● WORK INSTRUCTIONS:
What are the lines from the one containing "2024-06-24蓝蓝的天" through the last line of the records below? Return them exactly, leaving out pictures.

● RECORD EXTRACTS:
........
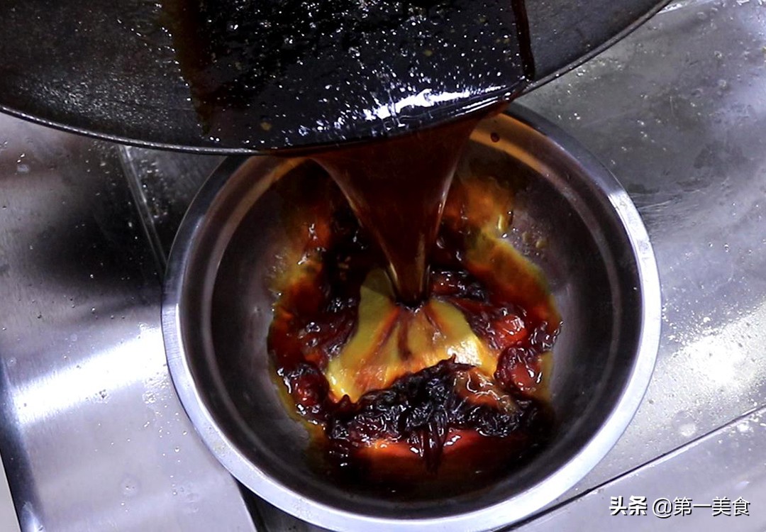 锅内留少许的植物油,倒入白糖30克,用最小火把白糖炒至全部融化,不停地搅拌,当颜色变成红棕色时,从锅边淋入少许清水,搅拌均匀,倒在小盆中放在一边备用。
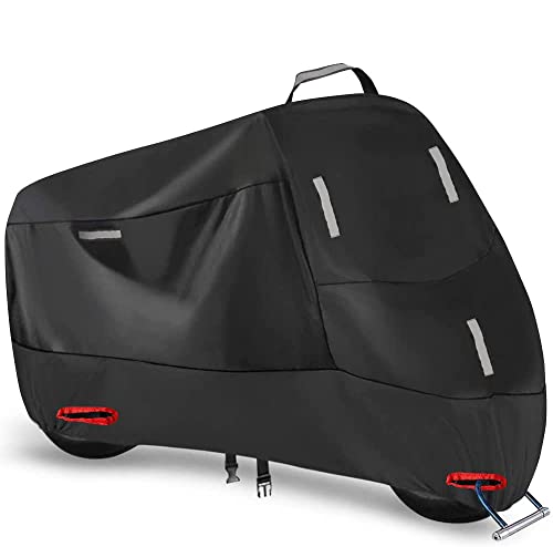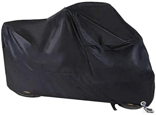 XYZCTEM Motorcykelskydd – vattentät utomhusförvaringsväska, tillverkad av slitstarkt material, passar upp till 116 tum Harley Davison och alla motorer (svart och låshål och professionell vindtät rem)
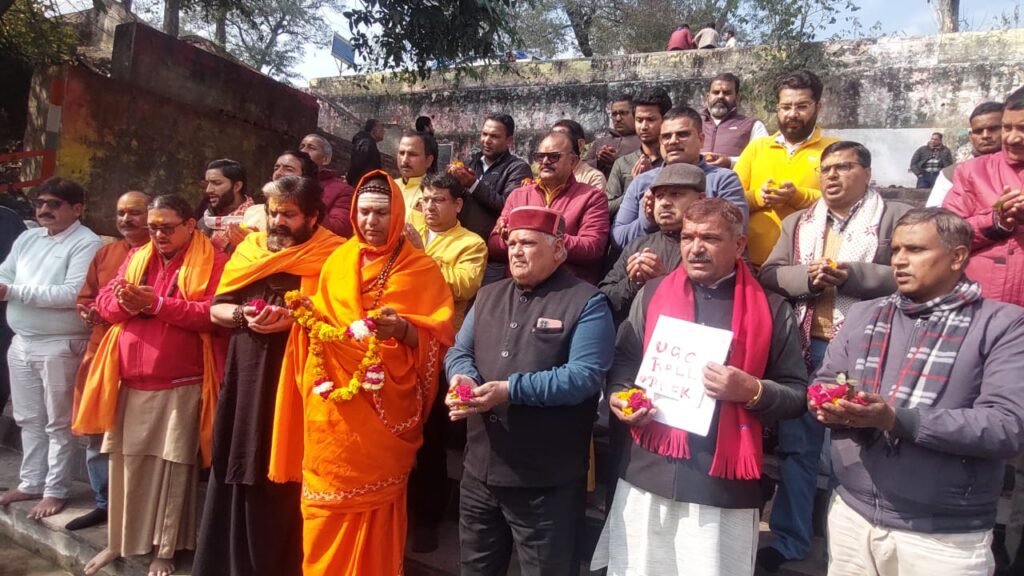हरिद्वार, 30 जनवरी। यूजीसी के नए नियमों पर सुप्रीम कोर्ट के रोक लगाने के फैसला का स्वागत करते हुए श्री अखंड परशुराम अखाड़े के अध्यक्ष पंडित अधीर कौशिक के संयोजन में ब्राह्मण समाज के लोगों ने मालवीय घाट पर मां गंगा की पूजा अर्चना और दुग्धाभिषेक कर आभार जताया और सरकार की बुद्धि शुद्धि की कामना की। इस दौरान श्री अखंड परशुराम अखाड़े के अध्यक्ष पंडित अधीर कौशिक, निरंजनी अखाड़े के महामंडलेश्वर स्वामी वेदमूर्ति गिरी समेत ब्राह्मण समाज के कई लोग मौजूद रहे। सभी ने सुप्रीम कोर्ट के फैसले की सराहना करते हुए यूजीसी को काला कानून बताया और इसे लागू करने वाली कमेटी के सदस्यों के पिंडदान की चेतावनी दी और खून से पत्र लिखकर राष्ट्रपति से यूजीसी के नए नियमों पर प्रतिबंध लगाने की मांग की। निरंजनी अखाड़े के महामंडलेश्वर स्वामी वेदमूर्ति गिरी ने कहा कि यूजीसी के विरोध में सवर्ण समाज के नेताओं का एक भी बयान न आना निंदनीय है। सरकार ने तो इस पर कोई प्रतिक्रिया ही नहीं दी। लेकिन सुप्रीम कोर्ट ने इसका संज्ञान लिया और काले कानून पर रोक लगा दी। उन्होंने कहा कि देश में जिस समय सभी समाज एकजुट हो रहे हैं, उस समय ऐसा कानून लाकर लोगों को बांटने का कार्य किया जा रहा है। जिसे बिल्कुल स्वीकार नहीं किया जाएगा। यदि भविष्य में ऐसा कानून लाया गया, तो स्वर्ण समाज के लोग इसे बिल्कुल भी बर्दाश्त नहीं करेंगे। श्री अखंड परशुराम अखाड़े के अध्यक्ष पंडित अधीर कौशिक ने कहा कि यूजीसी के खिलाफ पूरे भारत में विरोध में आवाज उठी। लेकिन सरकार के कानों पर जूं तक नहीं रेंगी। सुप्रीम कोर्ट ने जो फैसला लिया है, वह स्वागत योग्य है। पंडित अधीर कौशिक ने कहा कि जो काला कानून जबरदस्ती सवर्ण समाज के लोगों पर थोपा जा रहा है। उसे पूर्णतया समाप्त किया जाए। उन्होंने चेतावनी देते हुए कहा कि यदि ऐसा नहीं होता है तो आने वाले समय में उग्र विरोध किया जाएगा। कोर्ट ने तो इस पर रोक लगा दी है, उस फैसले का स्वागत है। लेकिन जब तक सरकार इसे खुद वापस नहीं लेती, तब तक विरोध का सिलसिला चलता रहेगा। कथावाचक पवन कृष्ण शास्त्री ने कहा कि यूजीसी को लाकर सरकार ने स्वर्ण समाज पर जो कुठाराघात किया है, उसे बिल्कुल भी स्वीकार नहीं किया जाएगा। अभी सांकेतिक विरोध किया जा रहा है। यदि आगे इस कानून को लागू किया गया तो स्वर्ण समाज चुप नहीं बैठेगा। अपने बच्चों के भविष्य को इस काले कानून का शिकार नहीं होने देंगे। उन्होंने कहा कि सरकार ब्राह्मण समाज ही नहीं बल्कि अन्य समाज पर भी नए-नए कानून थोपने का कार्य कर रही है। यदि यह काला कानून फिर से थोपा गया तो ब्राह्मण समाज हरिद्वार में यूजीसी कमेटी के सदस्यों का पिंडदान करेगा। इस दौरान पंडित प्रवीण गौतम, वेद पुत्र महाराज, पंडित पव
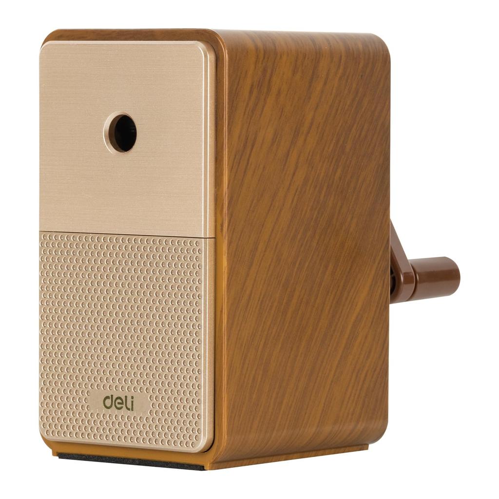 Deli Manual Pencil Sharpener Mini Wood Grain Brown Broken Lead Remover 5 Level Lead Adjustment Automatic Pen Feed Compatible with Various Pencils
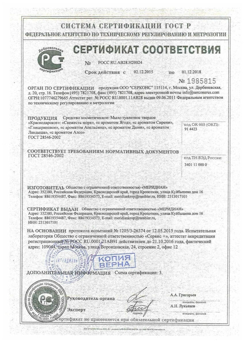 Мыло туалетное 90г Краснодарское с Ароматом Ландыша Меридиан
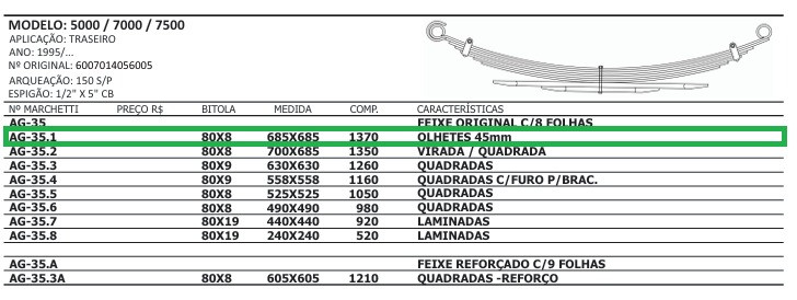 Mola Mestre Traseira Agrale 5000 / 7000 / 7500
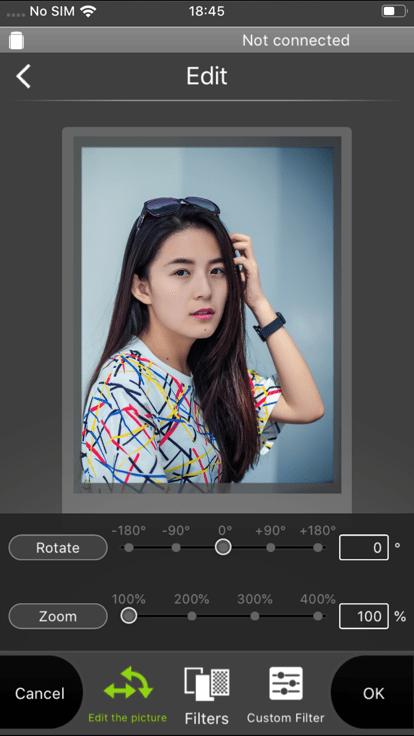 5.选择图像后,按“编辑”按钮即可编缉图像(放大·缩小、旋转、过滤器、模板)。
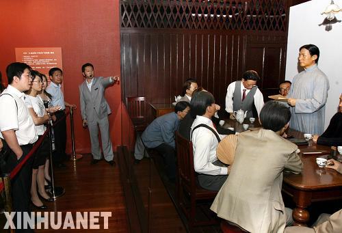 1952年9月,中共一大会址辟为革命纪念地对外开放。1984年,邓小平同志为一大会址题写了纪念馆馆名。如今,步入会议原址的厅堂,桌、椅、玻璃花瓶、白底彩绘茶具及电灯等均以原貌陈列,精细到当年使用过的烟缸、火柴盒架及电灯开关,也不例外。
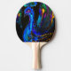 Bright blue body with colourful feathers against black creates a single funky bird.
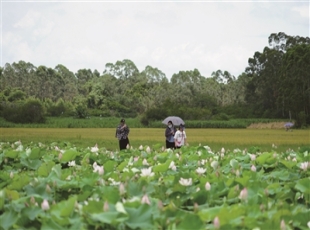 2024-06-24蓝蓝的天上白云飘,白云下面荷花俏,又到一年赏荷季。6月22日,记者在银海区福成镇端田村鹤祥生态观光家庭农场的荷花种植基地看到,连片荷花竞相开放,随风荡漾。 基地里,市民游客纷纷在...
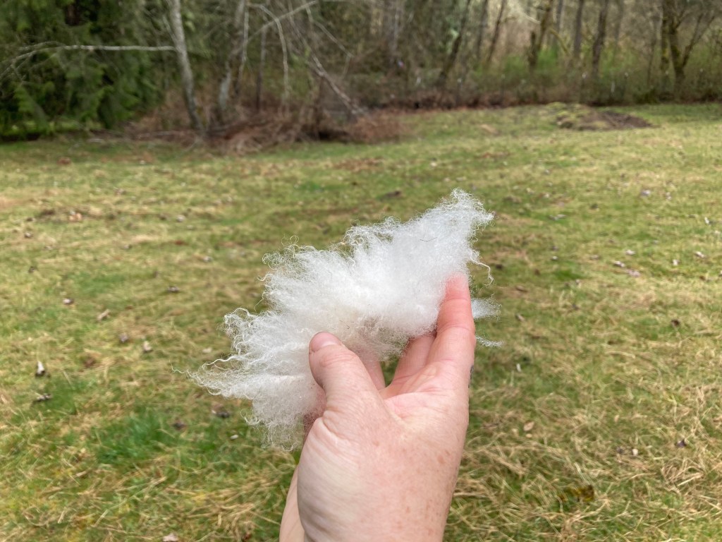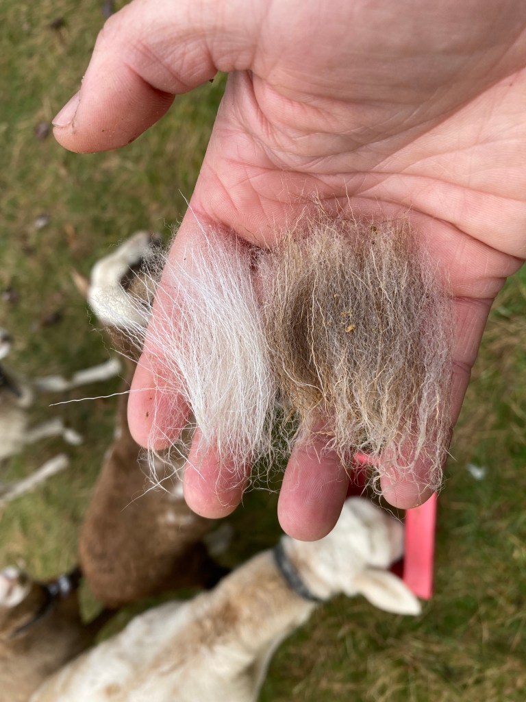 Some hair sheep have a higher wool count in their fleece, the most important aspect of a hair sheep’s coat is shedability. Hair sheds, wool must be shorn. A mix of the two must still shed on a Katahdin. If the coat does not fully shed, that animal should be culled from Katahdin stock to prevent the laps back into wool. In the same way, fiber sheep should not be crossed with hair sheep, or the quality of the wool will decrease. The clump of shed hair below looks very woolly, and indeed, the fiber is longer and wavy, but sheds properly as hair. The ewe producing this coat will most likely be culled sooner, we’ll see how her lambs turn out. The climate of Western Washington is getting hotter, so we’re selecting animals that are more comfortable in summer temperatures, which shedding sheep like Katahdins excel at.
........
● RESULT OF THIS EXERCISE:
 2024-06-24蓝蓝的天上白云飘,白云下面荷花俏,又到一年赏荷季。6月22日,记者在银海区福成镇端田村鹤祥生态观光家庭农场的荷花种植基地看到,连片荷花竞相开放,随风荡漾。 基地里,市民游客纷纷在...
 Some hair sheep have a higher wool count in their fleece, the most important aspect of a hair sheep’s coat is shedability. Hair sheds, wool must be shorn. A mix of the two must still shed on a Katahdin. If the coat does not fully shed, that animal should be culled from Katahdin stock to prevent the laps back into wool. In the same way, fiber sheep should not be crossed with hair sheep, or the quality of the wool will decrease. The clump of shed hair below looks very woolly, and indeed, the fiber is longer and wavy, but sheds properly as hair. The ewe producing this coat will most likely be culled sooner, we’ll see how her lambs turn out. The climate of Western Washington is getting hotter, so we’re selecting animals that are more comfortable in summer temperatures, which shedding sheep like Katahdins excel at.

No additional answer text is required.